At the eighth part of the second session of the ADP in Geneva (February 2015), Parties used as the basis of their negotiations the elements of a draft negotiating text which was acknowledged in Decision 1/CP.20 and annexed to that decision. The eighth part of the second session of the ADP culminated with the Parties agreeing a negotiating text which would be used by the ADP in Bonn in June to start substantive negotiations (Report of ADP 2-8, FCCC/ADP/2015/2). The text was referred to as the ‘Geneva Text’ (FCCC/ADP/2015/1) and was circulated to all Parties by the secretariat in accordance with paragraph 6 of Decision 1/CP.20 on 19 March 2015.

The Geneva text is, therefore, the official negotiating text of the ADP. However, in common with past practice in the UNFCCC process, it was not intended that this text be the text that would be presented to Parties for adoption in Paris at COP21. Indeed, the text itself is not drafted in a manner which is amenable to adoption without alteration; it contains many options, duplications and inconsistencies.

The task of the Parties in Bonn (ADP 2-9) was to streamline the text and, over the past days, Parties have attempted to make progress on this front. To date, the progress made has been captured in the ‘Streamlined and Consolidated Text’ and there could be additional documents (such as the table clustering thematic areas) to reflect the ongoing work. These are informal documents that are under discussion and which will be updated as negotiations progress. Accordingly, by the end of the Bonn session, there will be the official Geneva Text on the table an updated Streamlined Text and possibly further documents.
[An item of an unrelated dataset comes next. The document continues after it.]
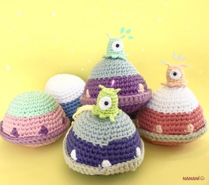 Spaceship: • A) Light blue: Cotton 8/8 yarn. • B) Blue: Cotton 8/8 yarn. • C) Pastel Yellow: Cotton 8/8 yarn. • Polyester fiberfill stuffing

From a legal perspective, until approved by the COP, the Streamlined Text (and other working documents) will, technically, remain an informal document, leaving the Geneva Text as the only official ADP document. The ADP Co-Chairs have confirmed this in their scenario note for the Bonn Session. Based on the Note and further clarification by the Co-Chairs, the Geneva negotiating text, as issued in March, is to remain on the table through to Paris, without amendment (e.g. with all its multiple overlaps and points of difference intact and as stated in that text).

By preserving the status of the Geneva negotiating text unaltered, while the process of streamlining that Geneva negotiating takes place in the ‘working documents’, the Parties in effect enable each Party to preserve its position as reflected in the Geneva negotiating text, while still allowing streamlining to proceed in the working documents.

Notwithstanding that, the Streamlined Text is likely to be the text that will continue to be negotiated and developed through to the end of the year (and which will ultimately be adopted by the COP in Paris). This does not mean however that the Geneva Text has no relevance in the current and future ADP negotiations. Parties may, for example, reintroduce concepts from the Geneva Test into the Streamlined Text over the next 6 months (though of course from a practical and political perspective, this may be resisted by other Parties).

Realistically, there will still be pressure not to backtrack on ‘progress’ made in the working document, but no one will be able to say that the working document prevails in any legal sense over the Geneva negotiating text – unless, of course, the Parties decide to adopt the working document in Paris as the final outcome.

To summarise, although the Geneva Text is the ‘official’ negotiating text, the Streamlined Text will be the ‘more important’ text from a practical perspective and, although Parties are free to agree otherwise, is likely to be the one on which the Paris agreement is based.

As result, however, there is a risk that if Parties decide to frame the agreement as a Protocol under Article 17 of the Convention (legal form) in Paris, some may argue that the proposed text does not comply with the requirements of Article 17 (circulation 6 months in advance). For this reason, it may be a risk to introduce concepts in the Streamlined Text (and ultimately the proposed protocol text – if this legal form is chosen) that do not have a basis in the Geneva Text.